The context is only that I'd like to see some other examples to compare to my own.

I've worked with Lamp and Xamp or whatever its name is now; it was too restrictive.

Objective:  look at other configure scripts examples
Problems:  Many, I am trying to see what other compilers have done to get around minor dependencies that cause major compile or working failures.

Chain of events:  Try to compile something, anything, say Linux From Scratch or even SSL - result: minor dependency failure with lefence


no mention of lefence in docs.  "electric-fence_2.1.13-0.1.tar.gz" no config file, compile - dead end until I create a config file for an undocumented dependency.

Numerous compiles later, standstill and back where I started.

Why?  One missing file and that in a less than needed dependency.

If it can happen with little SSL, imagine what will happen with MySQL, PHP, and Apache all cross compiled together.

It could take years to compile them together.  In fact, it has taken more than a year already.  The only thing that consistenly compiles without error is Apache; all of the other fail similar to SSL, dependencies that lack both documentation and portability.

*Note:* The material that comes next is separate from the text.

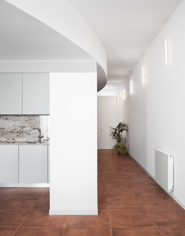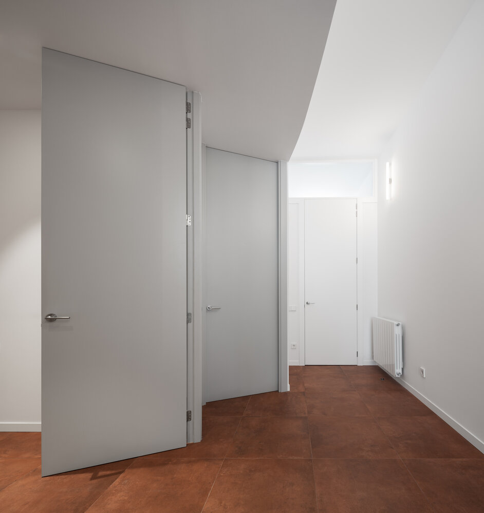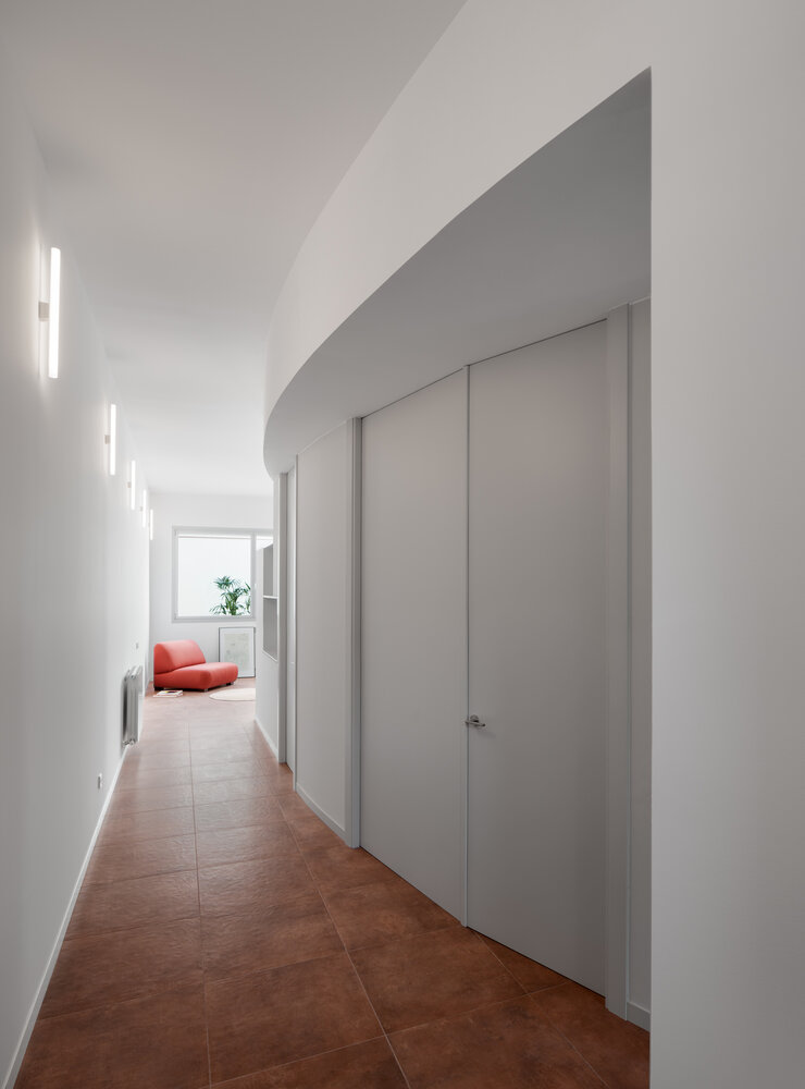 Tras el vestíbulo, un insólito pasillo en curva acompaña a cada estancia. Una zona de paso, habitualmente residual, reconvertida con ingenio. Se han diseñado puertas continuas de suelo a techo, originando un juego visual a lo largo del corredor. Al final del cual, un espacio diáfano integra cocina, comedor y salón. La intimidad de un patio de nueva creación impregna de claridad la parte posterior de la parcela.

So, I need to see how others have done it in the past.  I can't find the method for SlackWare 10.1, and believe me, I have looked everywhere.

I have succeeded with various earlier versions of all, even some Apache2 with MySQL5 and PHP5, but then they don't work on the httpd server.  On Windows:


as well as a nearly the same Linux:


Working on a new built server, I want it up to MySQL5 Apache2 PHP5 with SSL so that I don't have to replace the whole thing when the new tarball comes out, which may, in fact, only come out if I finish it as a package, or subcomponents, here.

The configure command is quite extensive for the last version stated, and is about the only good example, from Apache naturally; I don't have relative ones for MySQL and PHP to use as a guide, as I do with the Apache info.php command.  I don't know why php did not include both its configure and that of MySQL, but they are simply not there.  The changes from Apache 1 were radical, elimination of a lot of mods and replacement of the LoadModule for the old
--with-mod_php --with-mod_mysql and so on.  I know what the LoadModule commands are, but can't get a decent configure script accounting for the necessary cross compile conformant to the Apache extensive module inclusions in its build.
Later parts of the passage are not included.